Power play: On hydropower projects and the environment
Hydropower projects must factor in the environmental costs too
While Wayanad in Kerala limps back to normal life after the devastating landslide last month, a landslide on Tuesday (August 20, 2024) in Sikkim caused damage to six houses and a building of the National Hydroelectric Power Corporation (NHPC) at its Teesta-5 hydropower station in Gangtok. There is no comparison of the impact of the event in both places, as there was no loss of lives or injuries reported in Sikkim. However, the cause for concern is that this is the second natural-disaster-led assault on a hydropower project along the Teesta. A deluge from the South Lhonak glacier in North Sikkim last October washed away the Chungthang dam that was critical to the Teesta-3 power station (which is not operated by the NHPC). The Teesta-3 (1,200 MW) power project was the largest hydroelectric power project in the State until it was effectively grounded after the outburst. Only a tenth of the power originally being supplied by the project is now available. The Teesta-5 project, at 510 MW, has also been made non-functional since the glacial lake outburst.

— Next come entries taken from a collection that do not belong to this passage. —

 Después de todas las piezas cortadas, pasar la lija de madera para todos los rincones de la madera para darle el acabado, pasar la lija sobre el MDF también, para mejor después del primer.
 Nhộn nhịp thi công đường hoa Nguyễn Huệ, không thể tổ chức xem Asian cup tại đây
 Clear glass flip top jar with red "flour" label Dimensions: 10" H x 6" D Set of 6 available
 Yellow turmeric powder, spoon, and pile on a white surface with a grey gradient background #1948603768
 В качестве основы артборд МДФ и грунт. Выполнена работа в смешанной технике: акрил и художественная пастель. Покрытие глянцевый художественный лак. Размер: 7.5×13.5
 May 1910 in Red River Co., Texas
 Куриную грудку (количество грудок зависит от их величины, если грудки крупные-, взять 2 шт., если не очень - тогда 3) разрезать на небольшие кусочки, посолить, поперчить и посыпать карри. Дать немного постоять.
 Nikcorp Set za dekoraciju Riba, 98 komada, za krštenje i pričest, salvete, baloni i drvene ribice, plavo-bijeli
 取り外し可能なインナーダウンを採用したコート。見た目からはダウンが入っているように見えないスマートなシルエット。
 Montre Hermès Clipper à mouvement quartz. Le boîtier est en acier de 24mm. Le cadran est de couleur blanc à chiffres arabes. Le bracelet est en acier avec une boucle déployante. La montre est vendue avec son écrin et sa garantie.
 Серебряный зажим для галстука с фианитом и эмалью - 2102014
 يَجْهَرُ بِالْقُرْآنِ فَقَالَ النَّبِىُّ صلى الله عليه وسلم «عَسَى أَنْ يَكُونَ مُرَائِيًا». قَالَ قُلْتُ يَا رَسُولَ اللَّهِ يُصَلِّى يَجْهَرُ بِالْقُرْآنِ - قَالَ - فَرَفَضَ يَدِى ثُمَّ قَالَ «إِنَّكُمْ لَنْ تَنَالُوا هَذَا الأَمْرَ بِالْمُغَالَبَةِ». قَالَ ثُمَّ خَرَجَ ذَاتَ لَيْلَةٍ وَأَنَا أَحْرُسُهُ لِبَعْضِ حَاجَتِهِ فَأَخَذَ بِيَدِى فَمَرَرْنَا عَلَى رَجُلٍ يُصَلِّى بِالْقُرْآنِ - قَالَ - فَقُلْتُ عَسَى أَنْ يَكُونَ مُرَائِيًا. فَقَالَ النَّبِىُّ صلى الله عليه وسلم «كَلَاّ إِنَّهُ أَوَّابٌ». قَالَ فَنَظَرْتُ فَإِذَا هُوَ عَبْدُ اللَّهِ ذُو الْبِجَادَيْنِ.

The disaster shines a new light on an old, but never quiescent, conundrum posed by hydropower projects. From initial proposals nearly three decades ago to have 47 power projects along the run of the Teesta in Sikkim and West Bengal, only five projects exist and about 16 are in various stages of consideration. A tributary of the Brahmaputra, the Teesta river originates from the Tso Lhamo Lake at an elevation of about 5,280 metres in north Sikkim. The river travels for about 150 km in Sikkim and 123 km in West Bengal, before entering Bangladesh from Mekhligunj in Cooch Behar district; it flows another 140 km in Bangladesh and joins the Bay of Bengal. In theory, the river’s course through undulating terrain is what tempts governments to extract as much benefit as possible for power projects. Through the decades, several companies have bid for projects auctioned out by State governments but the process has rarely been without complications. It has been a complicated exercise in balancing the environmental risks, costs of properly insuring for those risks, public perception and aiming for profit. In the case of the Teesta-3 project, reports have emerged that the developers, in order to save on costs, built a concrete-faced rock fill dam as opposed to a concrete gravity dam — one reason why it was completely washed away. Environmental impact assessments of hydropower projects in the region must give a clear estimate of the actual costs involved. This will not only bolster public faith in these projects but also be environmentally sustainable.